◆ WHAT THE EXERCISE ASKS ◆
Copy out the whole listing exactly as given. Skip the pictures.

◆ INFORMATION SUPPLIED ◆
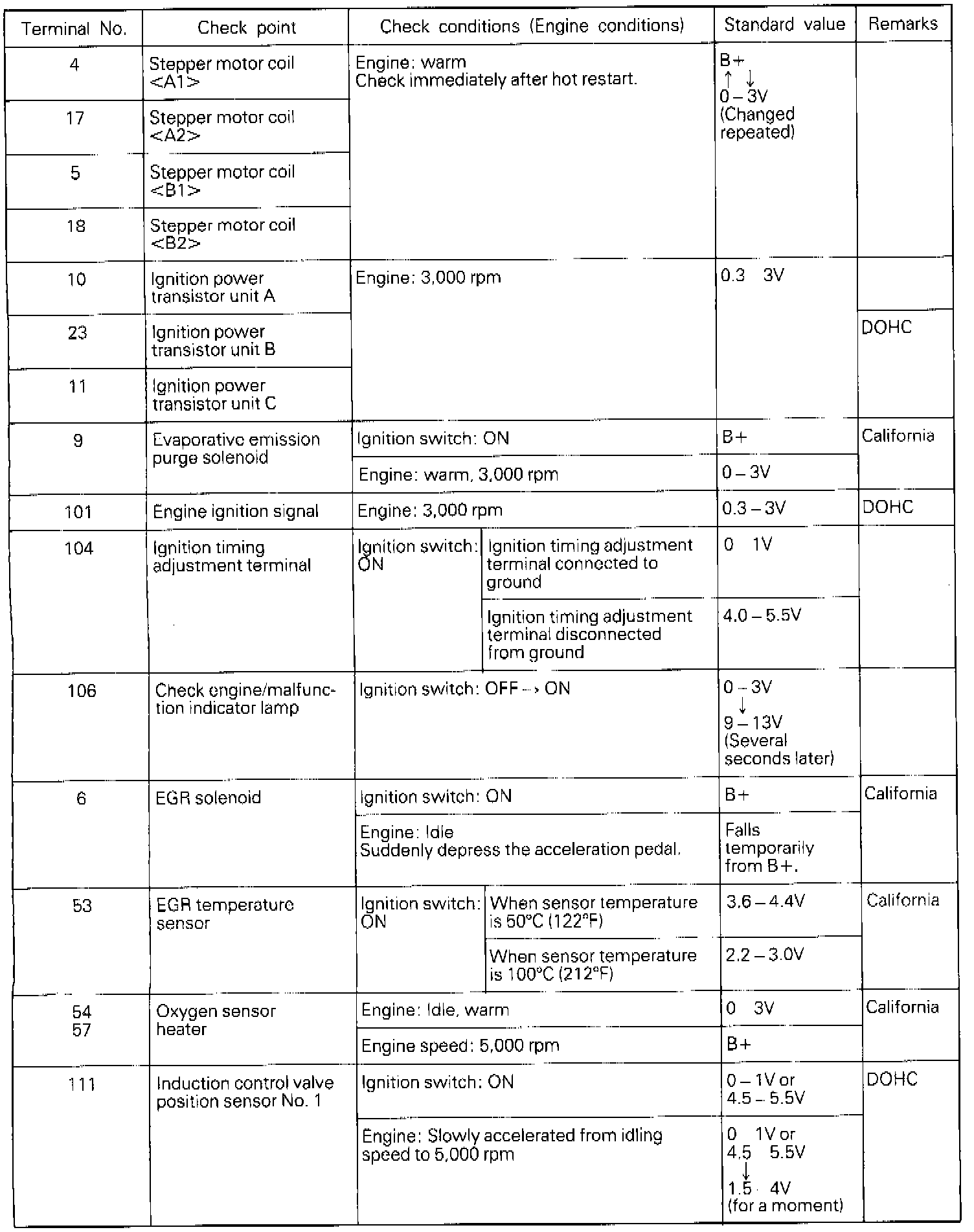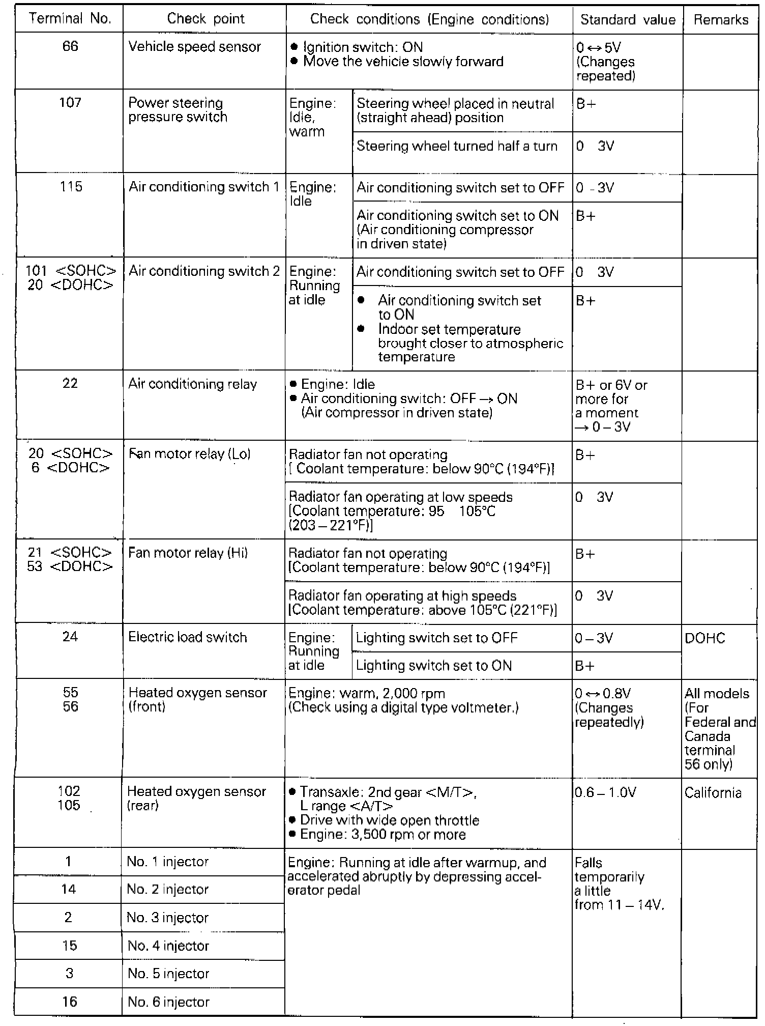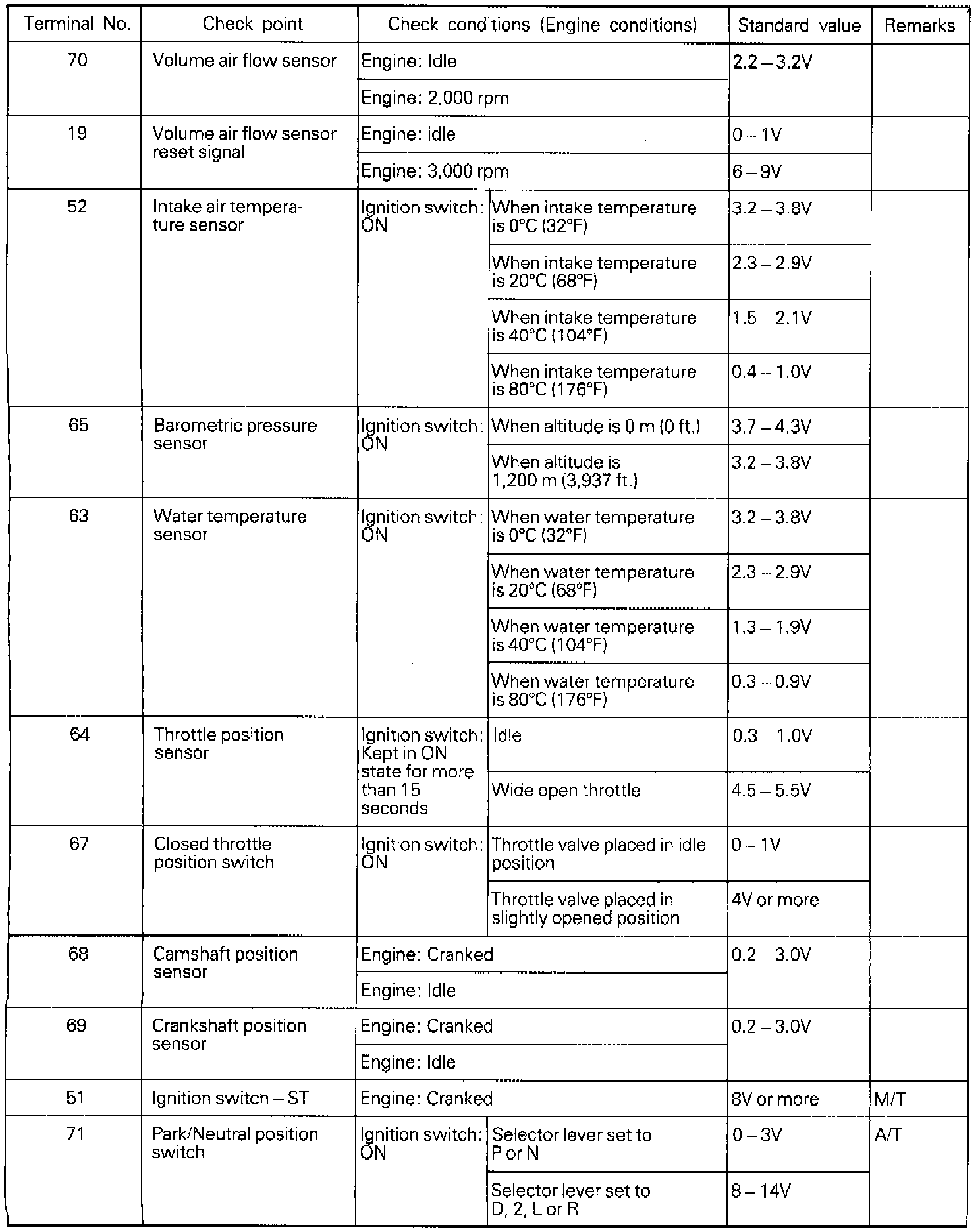2. Insert the very thin probe from the wire side into contact with each of the terminals of the Engine Control Module (ECM) connector and check the voltage, while referring to the check chart.
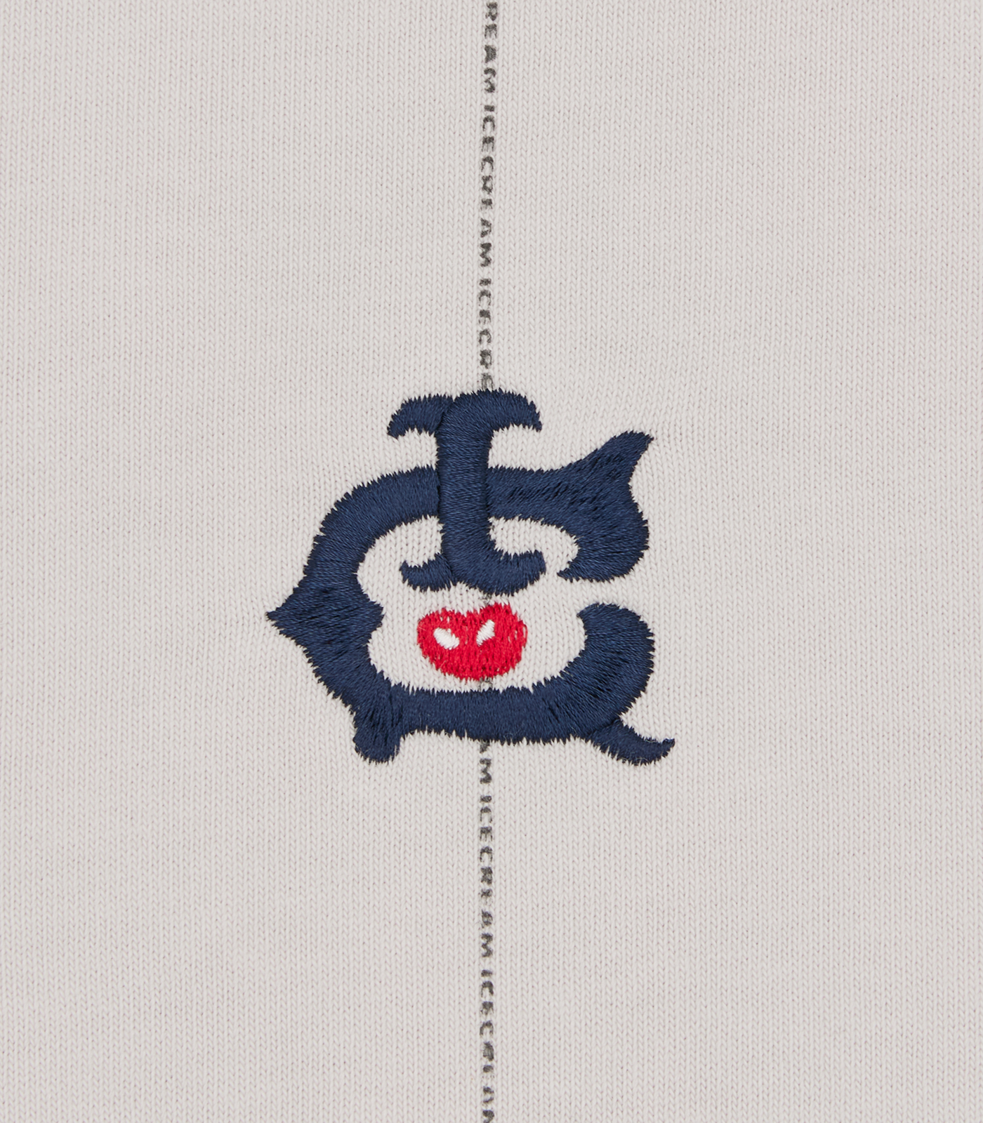 ICECREAM Fall '25 - Raglan Pinstripe Polo Shirt features the IC direct embroidery on the left chest and an all-over soft hand ICECREAM print.
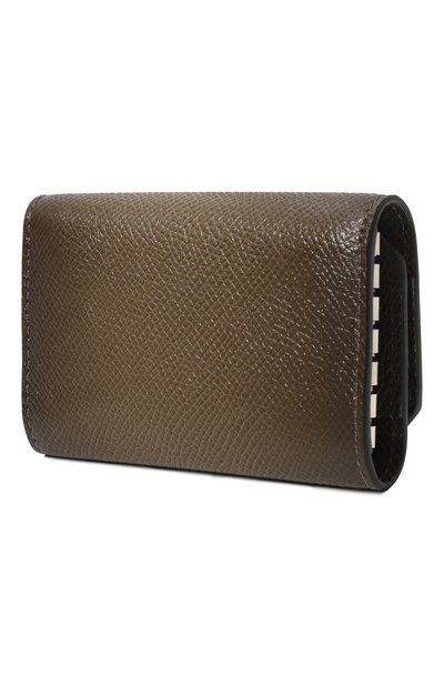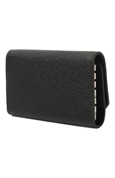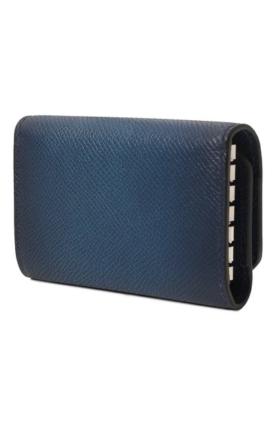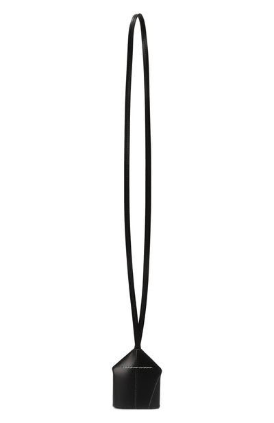 Футляр с длинным узким ремешком выполнили из зернистой кожи. Модель украсили спереди логотипом бренда, а сзади – четырьмя фирменными стежками.
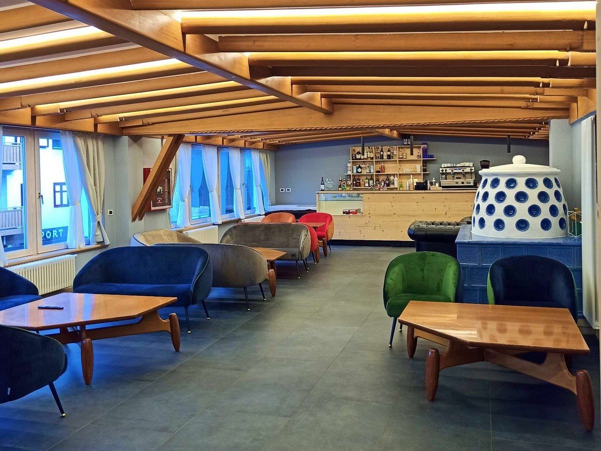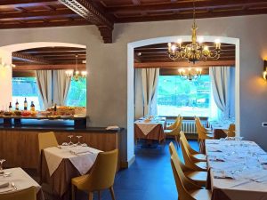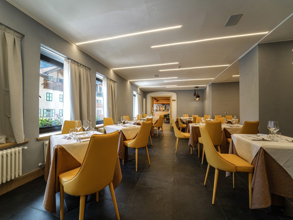 Il ristorante, dotato di ampie vetrate, si affaccia sul centro di Pozza di Fassa ed è realizzato in tipico stile trentino caratterizzato da tavoli e sedie in legno. Propone piatti tipici della tradizione locale e cucina internazionale con la possibilità di pietanze per intolleranze al glutine. Pranzo e cena con servizio al tavolo, bevande escluse.

◆ ANSWER SECTION ◆
2. Insert the very thin probe from the wire side into contact with each of the terminals of the Engine Control Module (ECM) connector and check the voltage, while referring to the check chart.
 ICECREAM Fall '25 - Raglan Pinstripe Polo Shirt features the IC direct embroidery on the left chest and an all-over soft hand ICECREAM print.
 Футляр с длинным узким ремешком выполнили из зернистой кожи. Модель украсили спереди логотипом бренда, а сзади – четырьмя фирменными стежками.
 Il ristorante, dotato di ampie vetrate, si affaccia sul centro di Pozza di Fassa ed è realizzato in tipico stile trentino caratterizzato da tavoli e sedie in legno. Propone piatti tipici della tradizione locale e cucina internazionale con la possibilità di pietanze per intolleranze al glutine. Pranzo e cena con servizio al tavolo, bevande escluse.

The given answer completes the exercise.